Myomectomies could result in adhesions or scar tissue formation. Adhesions consist of scar tissue that develops internally at the site of surgery and can cause internal organs to bind to one another. Adhesions or scar tissue can cause pelvic pain and infertility.

Modern surgical techniques can help to reduce adhesions. Using meticulous surgical methods to minimize tissue trauma and selecting the appropriate suture material can reduce the formation of adhesions. Prior to the surgery being completed your surgeons can also place an adhesion barrier over the surgical site to keep organs from becoming joined. The barrier gradually dissolves as you heal.


Myolysis is an experimental procedure which destroys the fibroid by using a laser, electrical current or freezing during a laparoscopy. Currently, this procedure is experimental and is not standard of care offered to the general population.


A hysterectomy is reserved for those women who failed conservative management with medication and / or minimally invasive surgery and those who do not desire pregnancy. Traditional hysterectomy was considered a major invasive surgery requiring a several day stay in the hospital with up to 6 weeks of recovery.

In selected cases a hysterectomy can now be performed laparoscopically. This would reduce adhesion formation, post-operative pain, the hospital stay (to as short as an outpatient procedure), and reduce the recovery time to 1 week.

Diagnosing fibroids

Fibroids are suspected when menstrual cycles are abnormal or when the uterus has an abnormal shape noted during a routine gynecological examination. In order to rule out other conditions that can be mistaken for fibroids; i.e. ovarian tumors, bowel masses or early pregnancy, several diagnostic tests could be performed.
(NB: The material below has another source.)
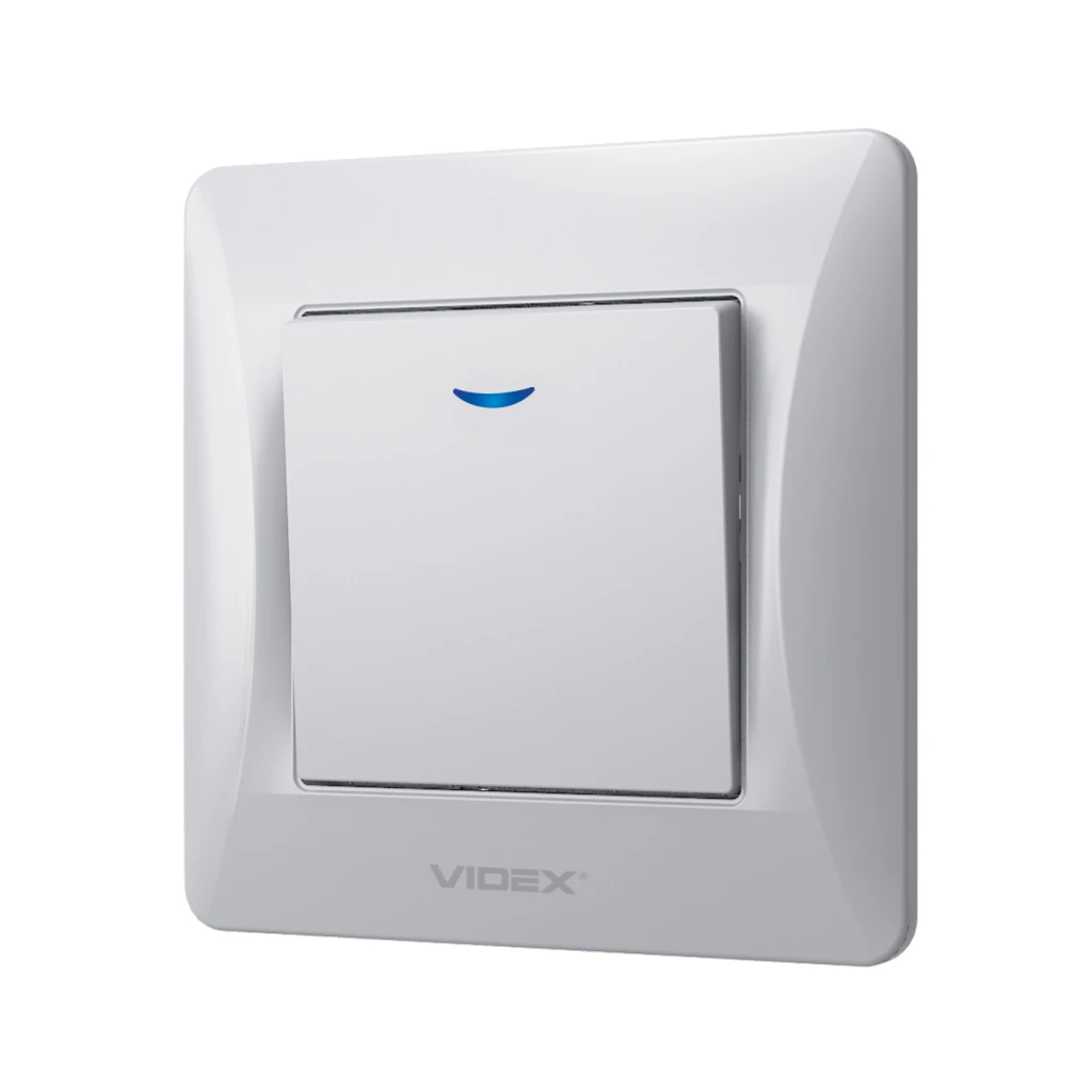 breadcrumb iconВимикач VIDEX BINERA 1кл. з підсвітк. срібний шовк

Ultrasound uses high frequency sound waves to generate a picture of the pelvis and / or abdominal region. In cases where the fibroid could be in the uterine cavity a specialized ultrasound called sonohysterogram or saline infused sonography, can be used.

During this procedure a small amount of saltwater solution is placed in the uterine cavity through the vagina and cervix. This fluid distends the cavity and separates the walls. This enables the ultrasound to detect any lesions in the cavity; i.e. polyps, fibroids, or scar tissue. The ultrasound can be performed without anesthesia, and is an office procedure.
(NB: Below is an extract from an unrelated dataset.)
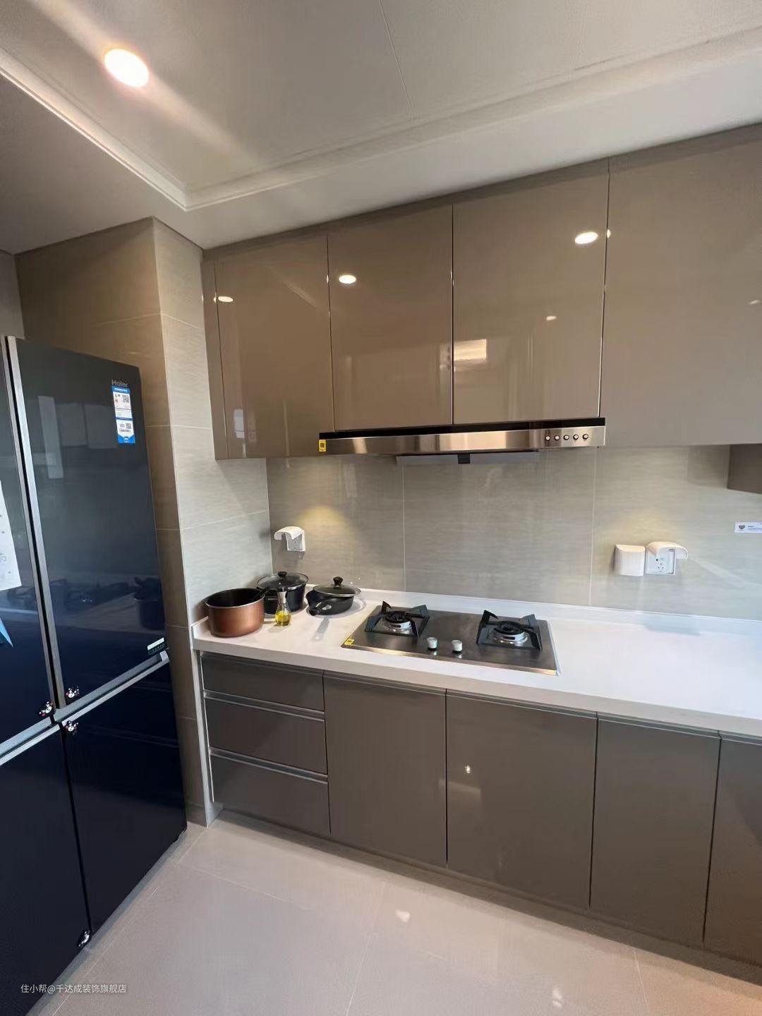 厨房做L型格局,最大化利用空间,台面选用石英石台面,优点是耐磨不怕刮划,耐热好看大面积铺贴,拼接无缝,经久耐用。

Magnetic Resonance Imaging (MRI)

An MRI is a procedure that uses magnets and radio waves to create an image of the uterus. This procedure is more time consuming and could cause more anxiety for the woman.

Hysterosalpingography (HSG)

An HSG is performed a radiological facility by placing a catheter into the cervix. Through the catheter a special dye is injected into the uterine cavity. During this process, an X-ray of the inside of the uterus and fallopian tubes is taken.

This test allows the physician to actually visualize the dye as it goes into the uterus and exam the cavity and tubes while the test is performed. No anesthesia is used for this test and takes approximately 5 minute to set-up and complete.


Hysteroscopy is an outpatient surgical procedure that uses a thin, lighted telescope called a hysteroscope that is inserted into the uterus through the vagina and cervix to view the uterine cavity. Hysteroscopy is usually performed as an outpatient procedure using local or general anesthesia. If fibroids, polyp, or scarring are found, they can sometimes be removed during this procedure.


Laparoscopy is a procedure that uses a camera on a lighted telescope that is placed through a small abdominal incision, to view the uterus, ovaries and fallopian tubes. If a fibroid is encountered during a laparoscopy, size, placement in the pelvis, and location to nearby organs would determine if the fibroid is removed or if it is possible.